Alabama Folkways Articles

February 11, 1999

Steve Grauberger

The Alabama Bluegrass Music Association (ABMA) is an organization dedicated to the promotion of bluegrass music in Alabama. Each year the ABMA presents a fundraising concert during an all-day event called the ABMA Showcase of Alabama Bands. This year the event will be held on March 6thbeginning at 10 am at the Bessemer Civic Center off Interstate 59 near the intersection of I459 and I59. The cost is $5. All bands performing are members of the ABMA and volunteer their time and talent to help out. This year, 25 different bands from throughout Alabama are slated to perform, including the Jake Landers Band, Southern Comfort, Lickity Split, Red Perry & the Coosa Valley Boys, and Cedar Creek. Those attending will hear a sweeping variety of bluegrass and bluegrass gospel music for your entertainment.

Modern bluegrass music developed in the early 1950s as a separate musical genre from "Country and Western." This happened when Nashville's Country and Western sound became progressively "popular" with the inclusion of large orchestras, trap drum sets and full electrification of the rhythm instruments. Bluegrass has kept closer to its rural roots in old-time music, once pejoratively termed "hillbilly" music. The "hillbilly" genre probably was born in the 1920s and was featured on recordings and radio programs of the era, especially the Grand Ol' Opry on Nashville's radio station WSM.

Most instruments used in modern bluegrass bands are nearly the same as earlier "old-time music." Instrumentation is primarily acoustic and rarely electrified except, sometimes, the bass. The standard bluegrass instrumentation is fiddle, guitar, banjo, mandolin, standup bass and dobro slide guitar.

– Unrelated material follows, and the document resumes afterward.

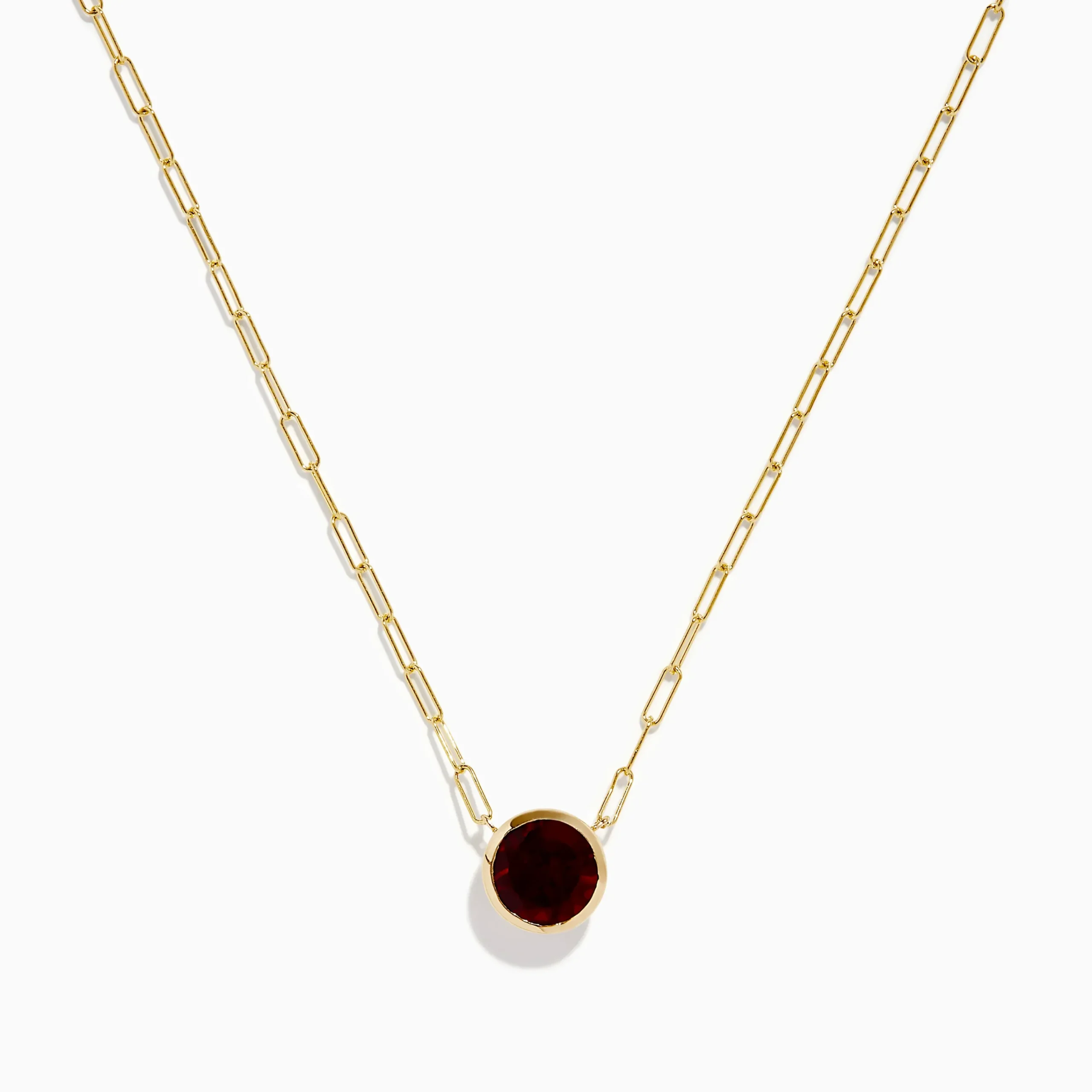 14K Yellow Gold Garnet Bezel Pendant with Paperclip Chain
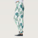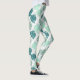 Leggings with diagonal turquoise and grey tropic monstera leaf pattern

Bluegrass has, primarily, a secular repertory interlaced with gospel songs. In addition, there is often humorous banter between the songs. The repertory is consistent with early Grand Ol' Opry programming as well as earlier minstrel and medicine shows that injected humor into the performance. Certain songs used in bluegrass music have a link to traditional folk ballads and fiddle tunes. At any bluegrass gathering one may hear fiddle tunes such as, "Whoa Mule," "A Soldier's Joy," "Billy in the Low Ground," "Sally Gooden," "Faded Love," "Chicken Cackle," or other tunes related to Old-World Scots-Irish or British music.

It is believed that mandolin player Bill Monroe coined the term "bluegrass" describing it as a combination of blues and hoe-down music. Also a factor in the naming could have been that Monroe was born in the Bluegrass State of Kentucky. In the 1920-30's Bill Monroe and his brother Charlie were the prototype of the bluegrass band of today.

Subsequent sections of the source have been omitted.